Our correspondent wonders if the ‘10-year Plan’ will offer any new solutions and if the time has come for pharmacies to sell e-cigarettes.
There’s nothing like the opportunity for a ‘Plan’ to get politicians and NHS managers excited. Just look at the all the fun we have had with the Five Year Forward View (FYFV). Published in 2014 by NHS England and other national bodies to broad approval,
the FYFV outlined how NHS services must change to move towards the care models required for the future.
The FYFV was spawned alongside a government spending review, which announced a £10 billion increase in NHS funding for England between 2014-15 and 2020-21, and demanded the NHS deliver £22bn in efficiency savings. Community pharmacies have contributed £170 million of that, a 6% pay cut that has played merry hell with cash flow, not helped by the biggest wobble in the supply chain for generic medicines that I can ever recall.
For its 70th birthday the government announced the NHS will receive an average 3.4% a year real-terms increase in funding over the next five years. The quid pro quo for this long-term commitment is that the NHS has to develop a 10-year Plan, outlining how NHS services must change to move towards the care models required for the future...
The Plan has already been given its priorities, handed down from above, which include:
There has been a consultation to help develop the Plan. It closed on 30 September, and was a pretty low-key affair, open for the minimum acceptable period. Nevertheless, PSNC and NPA have weighed in with some lengthy briefing documents, pushing the current big idea, the Community Pharmacy Care Plan Service.
Maybe it is the time of year, the end of a long hot summer, but I am struggling to raise any enthusiasm for what might come from the NHS 10-year Plan. Health Secretary Matt Hancock might be of the view that if the NHS is to prosper it will need to harness the ‘white heat’ of the technological revolution, but measures to address morale and motivation might be just as important. It is a welcome change to see that the opportunity for some long-term thinking has been offered by the politicians, though.

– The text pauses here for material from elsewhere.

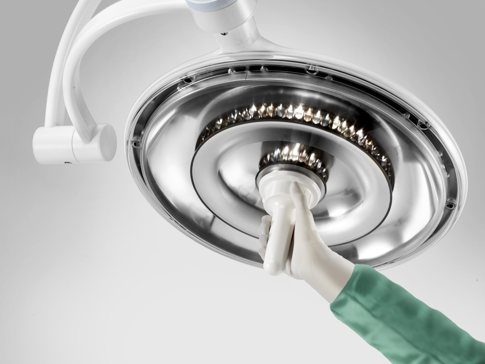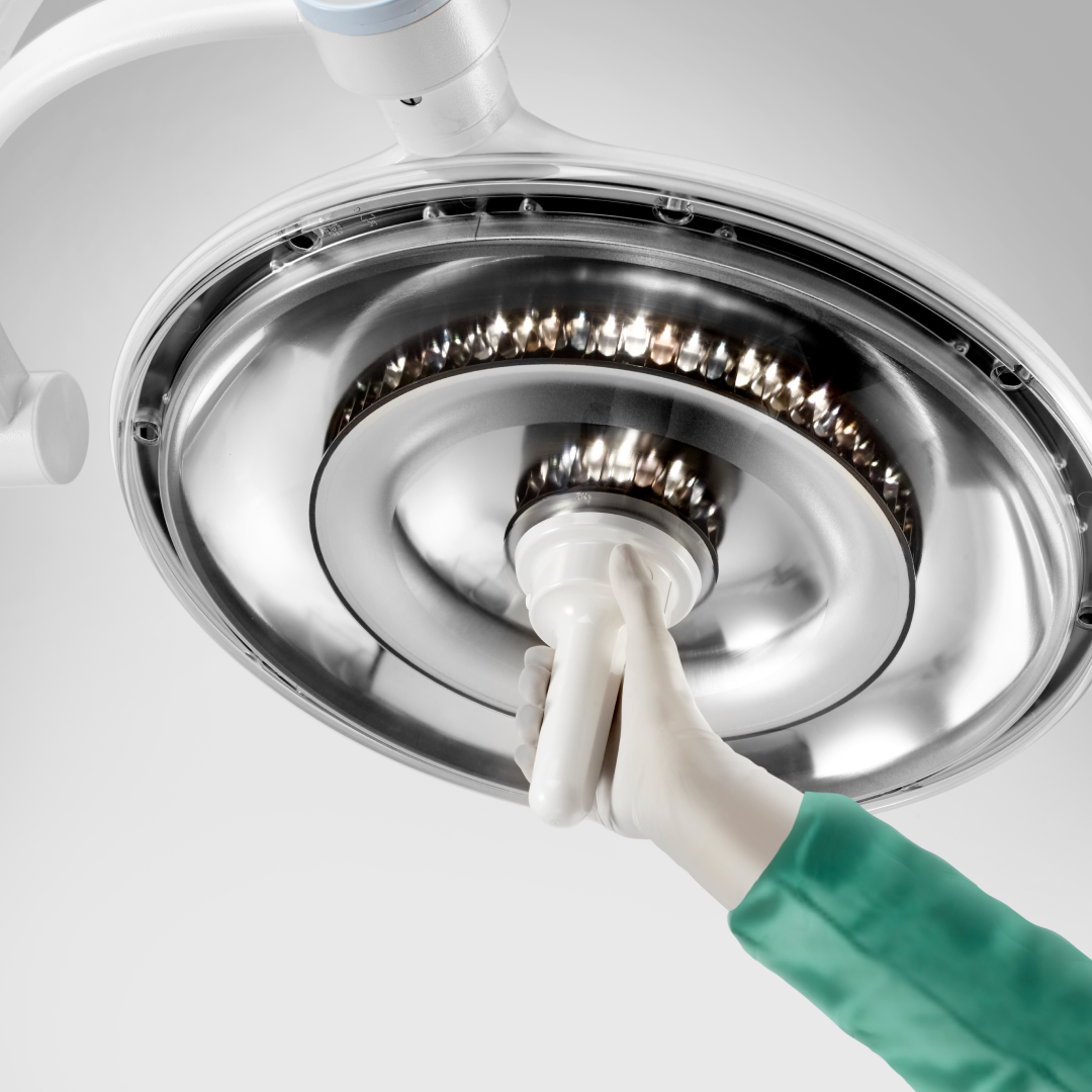 O punho esterilizável com sensores capacitivos permite ajuste de intensidade, temperatura de cor e modo de iluminação, tudo sem sair do campo estéril. Alternativamente, o teclado capacitivo da cúpula pode ser utilizado para ajustes rápidos.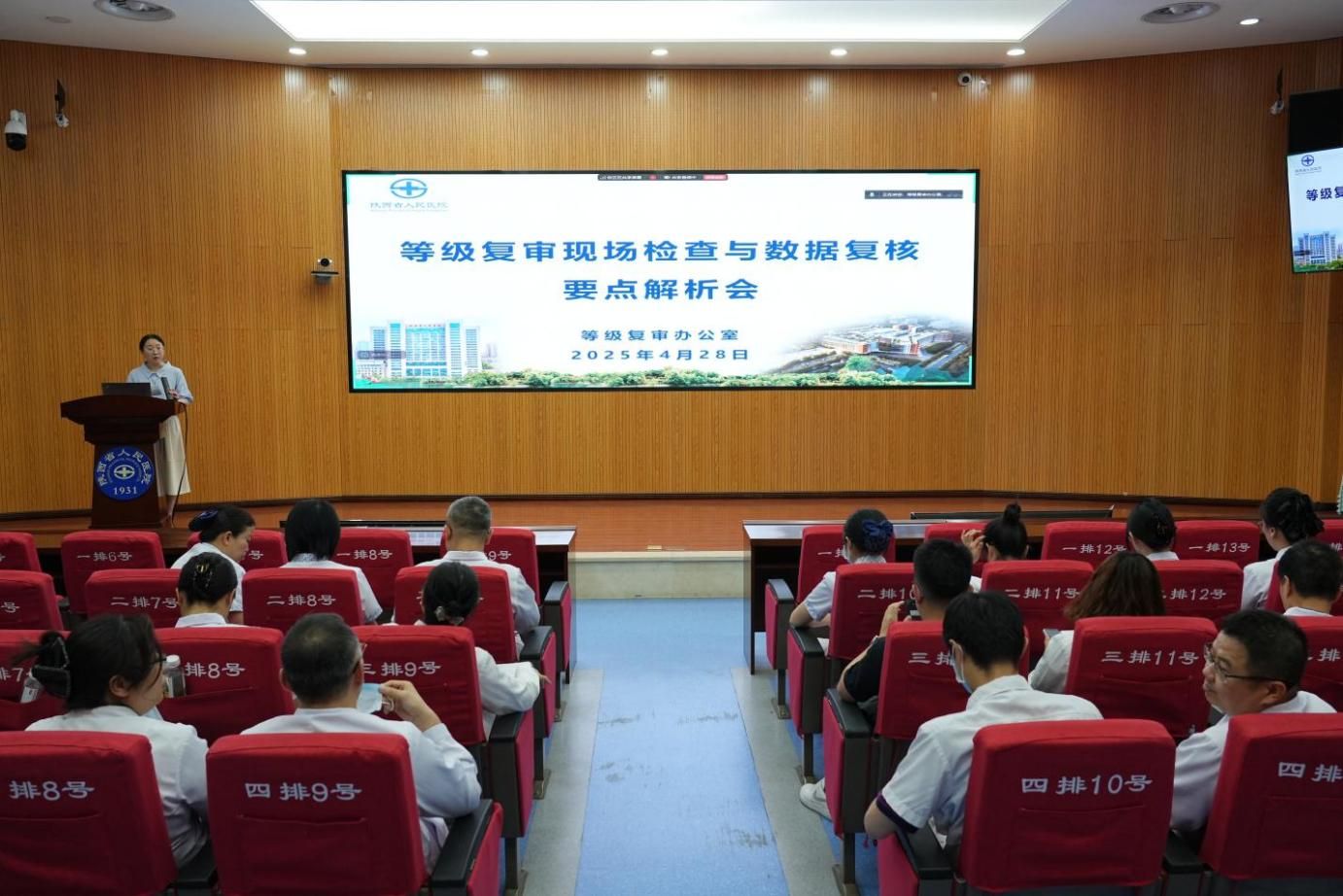 组织开展了等级复审现场检查与数据复核要点解析专题培训。两院区临床医技科室负责人、护士长、业务副主任、等级复审联络员及数据填报员200余人参会。

Changing subject entirely, I’ve been keeping an eye on the increasing role of e-cigarettes and vaping in the ‘quit smoking’ battle. Two years ago a medical licence was approved for an e-cigarette called e-Voke. As far as I am aware, this is the only e-cigarette that has been given approval by the MHRA, and as such could have been prescribed on the NHS.
However, the manufacturer, British American Tobacco, decided not to launch the product onto the market. This is probably just as well, since it would have been the ultimate hypocrisy for a tobacco company to be making a pharmaceutical product!
With no other e-cigarette devices having a medical licence, it seems that vaping on prescription is an unlikely prospect any time soon, but the consensus view seems to be that it can help, and in any event must be infinitely better than sticking with tobacco.
According to a recent paper in the BMJ around 60% of current adult smokers in Great Britain have tried e-cigarettes, and 18% are current e-cigarette users.
In England, over 40% of people who try to stop smoking do so with the aid of e-cigarettes. About 52% of current e-cigarettes users are former smokers. As far back as 2015 a paper commissioned by Public Health England reckoned that using e-cigarettes was 95% safer than smoking.
I’ve sold nicotine gum and patches quite happily for years as GSL products. They may not be licensed as medicines, but are e-cigarettes that different? The EU Tobacco Products Directive provides some minimum standards of safety and quality, and producers of e-cigarettes and their refills have to register their products with the MHRA.
Professional guidance from the Royal Pharmaceutical Society on e-cigarettes says they should not be sold from pharmacies, but it dates from 2014 and is now woefully out of date. So my question is, do such products have a place in pharmacy’s therapeutic arsenal or not?